Closed eopXD closed 9 months ago
@Amanieu Please checkout the added notes to uninitialized/vundefined
values in (https://github.com/riscv-non-isa/rvv-intrinsic-doc/pull/292/commits/68f125b818d5570f7bbc81182e6c413f1bda1d88).
I'm not sure I understand why vundefined intrinsics exist. I thought some of their original usage was due to some intrinsic signatures that took passthru operands before we defined explicit policy intrinsics. And we needed to use vundefined to get tail agnostic on those intrinsics. Hopefully that's been resolved with the current interface? If not we should fix the interface.
Some conversations I've had seem to suggest that vundefined could be used to suppress -Wunitialized by explicitly stating that the variable is undefined. But I don't think that was the original intent and I don't know if I would advocate for that usage.
@topperc One of my goals with the policy intrinsics was to eliminate the vundefined
intrinsics.
I did not anticipate that they still had a use in register-group fusion and tuple construction via the vset
intrinsics, as a way of suppressing -Wuninitialized
. However, I think this usage is now unnecessary given the vcreate
intrinsics:
https://github.com/riscv-non-isa/rvv-intrinsic-doc/pull/256
https://github.com/riscv-non-isa/rvv-intrinsic-doc/pull/288
There may be cases where we wish to incrementally populate a register group or tuple, where we might need to repeatedly pack with vcreate
, unpack with vget
, and then repack with another, larger vcreate
. Perhaps this could be cleaner with vundefined
. But it needn't impact code-gen.
I do think there's a little weirdness with the vlmul_ext
intrinsics, some cases of which seem to emulate a vset
or vcreate
with vundefined
arguments. That is, if the vundefined
functionality is truly unnecessary, then couldn't (at least some of) the vlmul_ext
intrinsics be dropped as well? Thinking about this further, perhaps only the fractional LMUL vlmul_ext
and vlmul_trunc
intrinsics are necessary.
For the case of tuples or building a register group, vcreate
does indeed pretty much replace vundefined
+vget
+vset
, except of course the case where you do want undefined elements passed to the following operation. Though I don't know how often, if at all, that'd be a real need (something like, vmerge
ing a bunch of things together in a loop, and starting the loop with a vundefined
? but you can just peel back the first iteration. A reasonably-realistic thing might be doing a vrgather
where the two vector arguments don't have the same LMUL-SEW-ration (which they don't at all need to for reasonable functionality; of course it'd be better if RVV1.0 allowed specifying the LMUL the operands separately for this, but ¯\_(ツ)_/¯)).

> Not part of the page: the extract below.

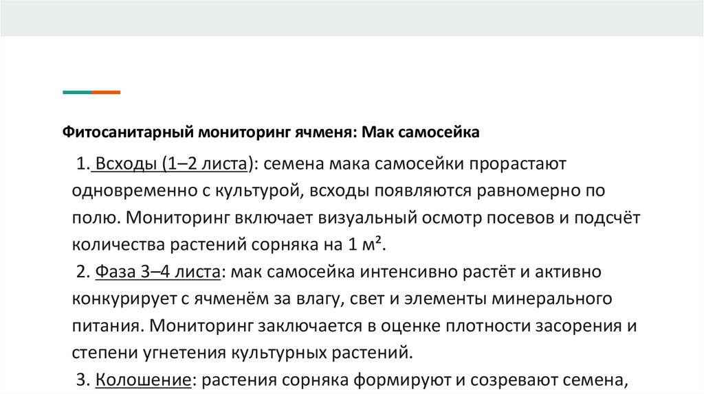 Фитосанитарный мониторинг ячменя: Мак самосейка1. Всходы (1–2 листа): семена мака самосейки прорастают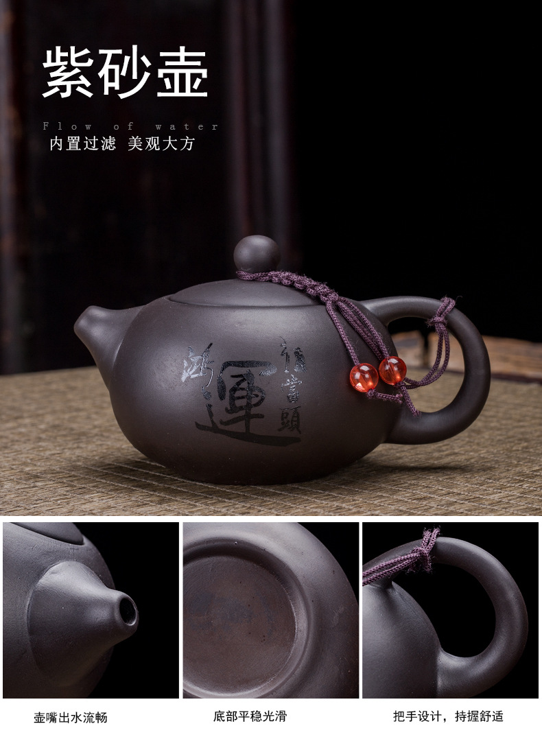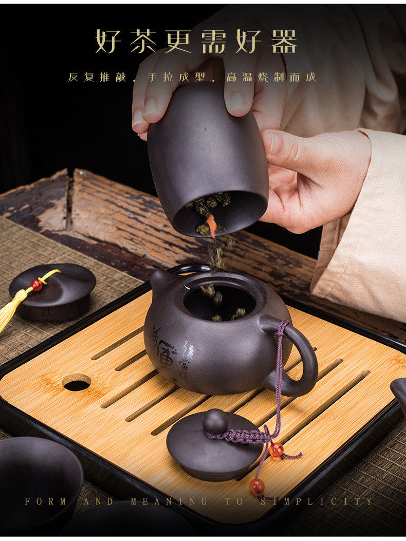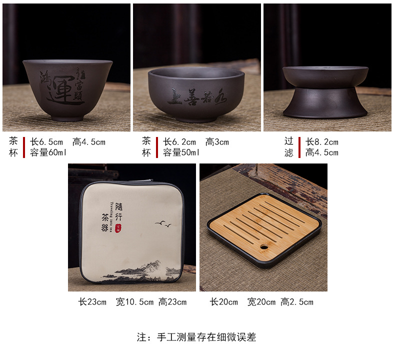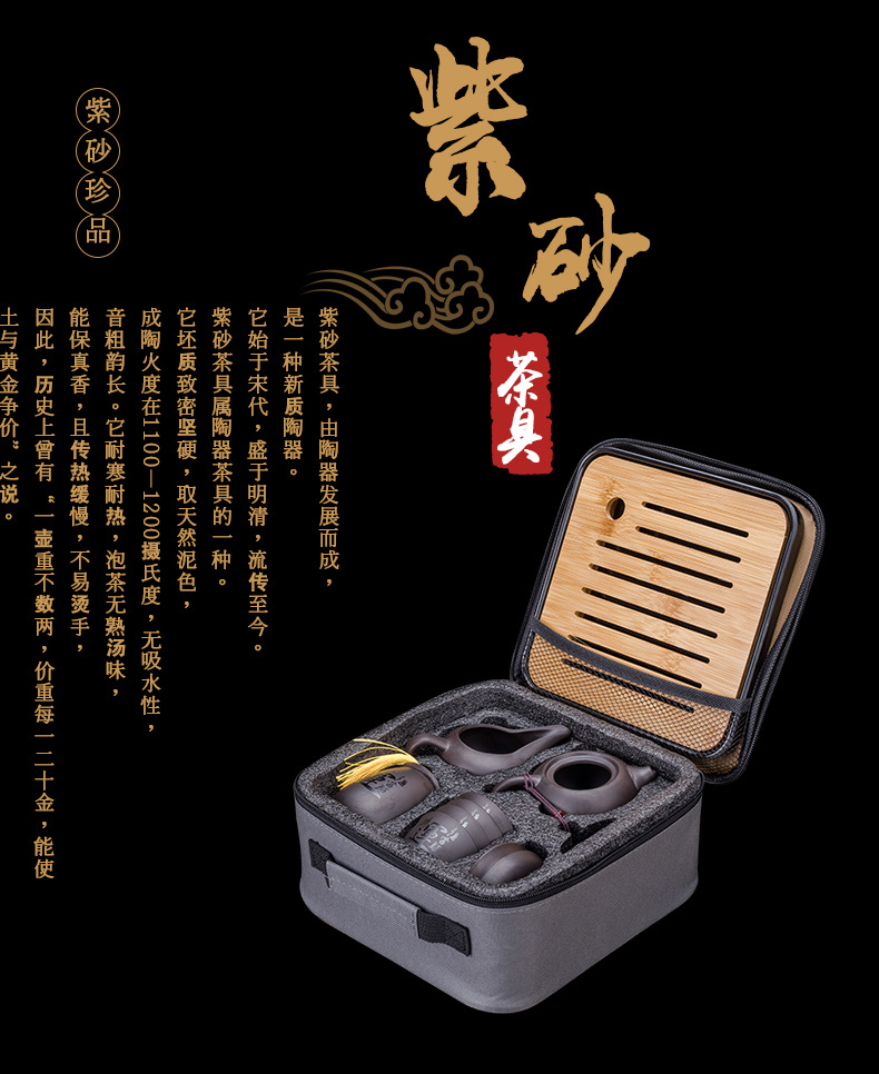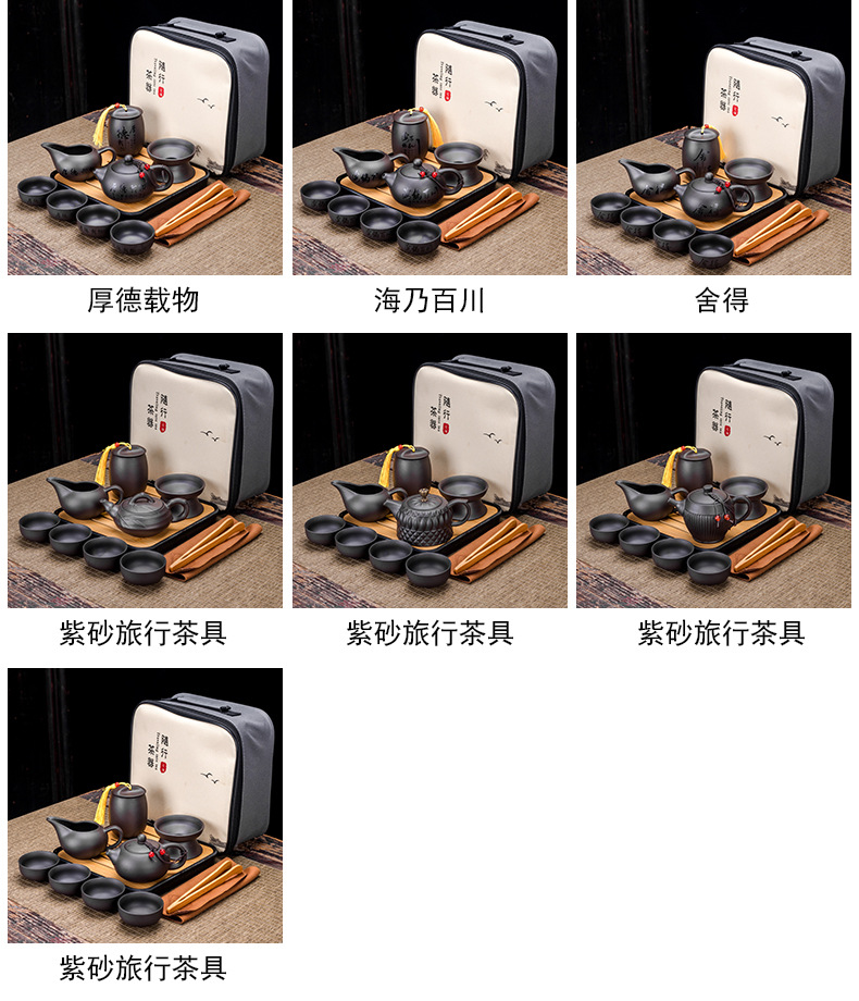 Portable Xishi teapot purple clay kung fu tea set for home travel, business trip, leather bag, tea tray, teapot with tea can

But, for what it's worth, you can get a semantically-identical result to e.g. __riscv_vundefined_u32m1()
with __riscv_vid_v_u32m1(0)
(it's shorter even!), so undefined values stay regardless of if they're via a clear vundefined
or not.
@topperc @nick-knight @dzaima
I think that "the redundancy of vundefined
" should belong to a separate thread so we can converge this pull request. The note on "agnostic values" covers vundefined
because it exists now in the specification. If any further decision is made the note will be adjusted.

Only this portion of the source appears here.